Ruby Ann & Kenneth Courtright:
I think Ruby Ann is confusing two different William Pendarvises--uncle and nephew. In the 1735 will of Joseph Pendarvis in Colleton County, he mentions his children by Parthena:
James [who married Cath. Rumph]
William [may be the husband of Cath Pound]
Brand [who married Ursetta, not Ursula, Jennings]
Of these, James and wife Cath. Rumph, had daughters Ann who maried Samuel Perry [apparently an Englishman] and Elizabeth Mary who married Thomas Smith Jr. They were apparently also parents of the William Sr who married Mary ?, these last the parents of Wm Jr who married Margaret Vance, according to some here on Genforum.
There was also a Josiah Pendarvis who married an Ann Rumph on May 8, 1817, somewhere in South Carolina. This is 66 years after Catharine Rumph married James Pendarvis on Sept 5, 1751, but these HAVE to be the same families. Coincidence boggles otherwise.
Somewhere in this genforum chain, there was mention of Joseph Pendarvis, protector of Parthena, having a legitimate son who took the name Bedon to set himself apart from his mulatto siblings. I had not heard of this, but if true, there is another odd marriage. On March 10, 1800, the SC Gazette says, Alice Pendarvis married Richard Bedon Screven; I don't know who either of them was but perhaps, after 60 years, one of Joseph Pendavis' descendants by son Bedon married one of his wealthy cousins. Stranger things have happened when wealth and property are concerned--like when Louis XIV married his illeg. daughter by Mme de Montespan to his legit. nephew the duc d'Orleans. Besides, after Parthena, each generation married with whites, so by early 1800s, they would only be one-sixteenth or one-32nd part black. In the federal census of 1790 and 1800, as well as tax lists of 1785 and 1786, James Pendarvis and family were reported not as free persons of color but as WHITE. In the slave states, only Arkansas and Texas ever had that "one drop of blood" law about Negro heritage. SC said that a Negro was a person with one Negro parent or one Negro grandparent: an octoroon thus was considered white, if free, tho plenty of legally "white" octoroons were slaves, of course.
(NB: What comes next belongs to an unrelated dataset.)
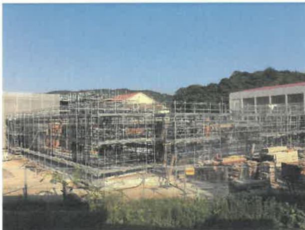
屋内運動場北面より現場全景撮影 R2.5.30 撮影

During the French Revolution, Charleston was visited by the refugee Duc de la Rouchfoucault-Liancourt who wrote an account of his travels to SC. The duc referred in 1794 to a "free Negro" named "Pindaim" (Pendarvis) whose plantation was worked by 200 slaves "so successful that he was able to breach the barriers of white society"--actually, they had done that LONG BEFORE, altho "Pindaim" was James Pendarvis, son of Parthena, and thus half black. (Wealthy quadroons and octoroon planters of Haiti had been marrying their daughters to the French aristocracy, but apparently not half blacks, hence the duke's amaze. Since James Pendarvis had a Negro mother, he may have been born technically a slave until emancipated by his father, so the duc de Liancourt was right about that, and since SC law said you had to be a free octoroon to be legally white, James was technically "black" thru his mother Parthena. However, his listing in the census and tax lists as white shows how tactful the govt bureaucrats could be to wealthy men, justifying the modern Brazilian proverb of how money has bleaching power to make men white.)
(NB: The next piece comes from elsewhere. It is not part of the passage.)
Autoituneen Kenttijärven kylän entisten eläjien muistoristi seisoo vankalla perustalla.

A modern historical work, "A World in Shadow" recounts how "Pindaim" was "an emancipated slave" in the parish of St Paul's, Charleston, and "married a white woman [Cath Rumph] and later gave his mulatto daughters in marriage to white men". This makes it seem that James Pendarvis had been a field hand, which was certainly not the case. He was a son of the manor. The whole story makes us remember that strict "Jim Crow" laws were a product of the post-Reconstruction era.
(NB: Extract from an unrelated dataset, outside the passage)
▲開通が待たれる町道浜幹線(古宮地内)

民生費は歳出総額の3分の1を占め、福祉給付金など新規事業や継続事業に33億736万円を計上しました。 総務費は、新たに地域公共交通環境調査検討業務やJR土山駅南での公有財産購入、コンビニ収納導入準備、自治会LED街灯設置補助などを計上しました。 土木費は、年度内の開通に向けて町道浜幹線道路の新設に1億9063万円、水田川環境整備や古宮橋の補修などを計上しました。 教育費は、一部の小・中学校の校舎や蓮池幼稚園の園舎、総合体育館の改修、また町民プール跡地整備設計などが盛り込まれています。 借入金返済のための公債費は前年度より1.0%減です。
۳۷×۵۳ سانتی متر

Besides "A World in Shadow', other good works touching on the Pendarvis saga are "The Free Negro in Antebellum South Carolina" by the Sri Lankan sociologist Wikramanayake [I may have that spelling wrong] but the best account is Larry Kogel's "Black Slaveowners: Free black Masters in SC, 1750-1860" (NY: McFarland press, 1985), where he identifies duc de Liancourt's "Pindaim" as James Pendarvis.